# Why You Suck at Archery & What you can do about it.



## aread (Dec 25, 2009)

This is a new book by Steve Ruis, the editor of Archery Focus Magazine. It's mostly stuff that the experienced archers have heard before, but Steve puts is all together and offers solutions to each. A few of the items he covers are:

- You tinker incessantly with your shot.
- You spend thousands on equipment and not a dime on coaching.
- You are completely unrealistic about your chances of winning.
- You think that a beer belly is another stabilizer. (one of the ones that hit home for me)
And over 20 other reasons that you suck at archery.

This book is mostly about the mental game of archery but also includes tips on the other parts of the shot. It's an easy and quick read and has a lot of great information.

I recommend it to anyone who is not shooting as well as they would like. $14.95 on Amazon.

JMHO,
Allen


----------



## subconsciously (Aug 22, 2009)

I always say - If you don't like the way you shoot, change the way you practice. 
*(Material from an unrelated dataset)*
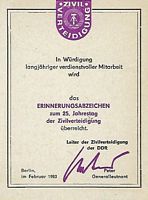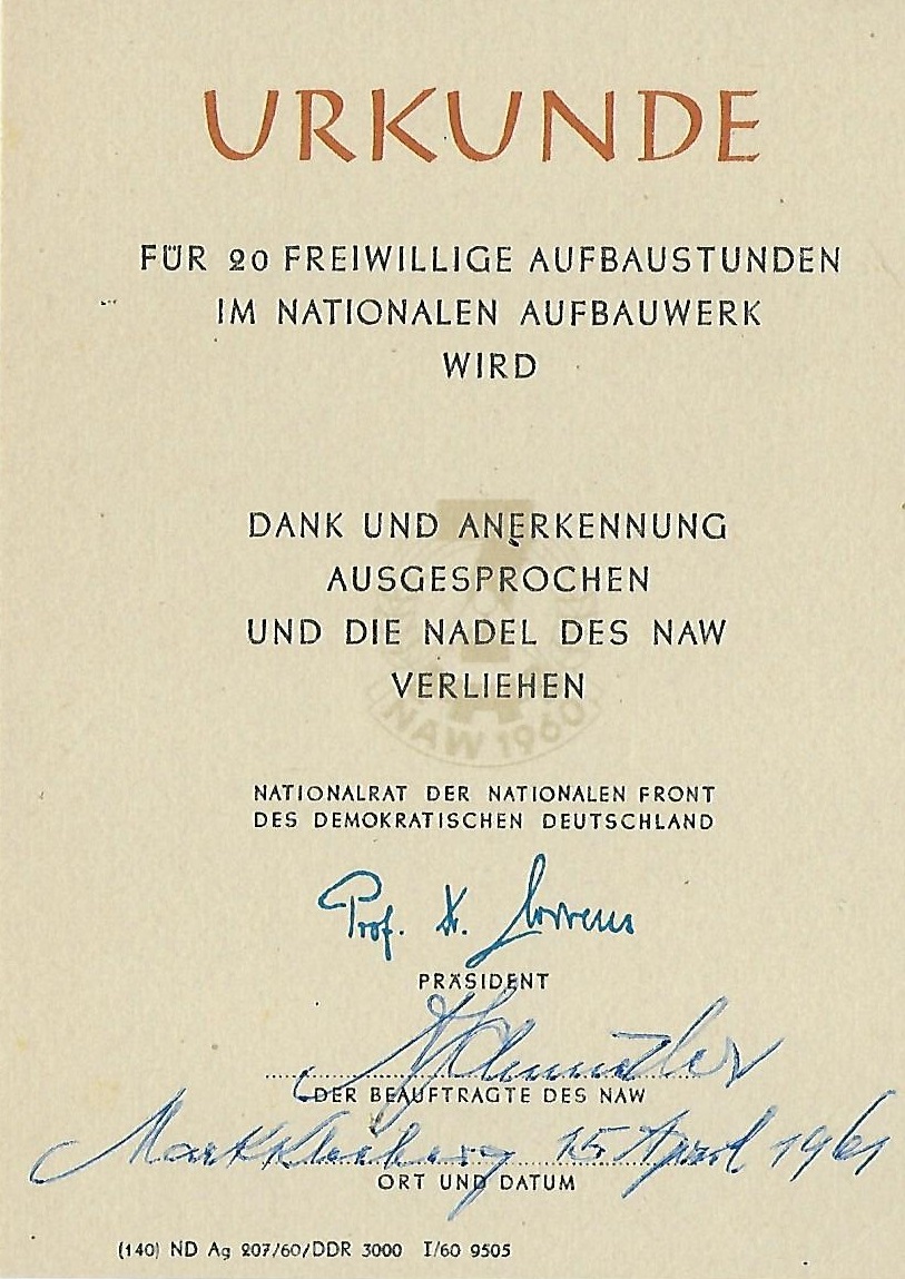 Urkunde für 20 Geleistete Arbeitsstunden im Nationalen Aufbauwerk |

Archery Focus is a great read from lots of great coaches.


----------



## aread (Dec 25, 2009)

subconsciously said:


> I always say - If you don't like the way you shoot, change the way you practice.
> 
> ....


No truer words ever posted! :thumbs_up


----------



## mike 66 (Jan 21, 2010)

I agree, x2


----------



## mrchaos102 (May 23, 2012)

Tag

Sent from my Samsung Galaxy S2 Android


----------



## jrye (Jun 12, 2011)

my copy of the book just came today. So far I like it.


----------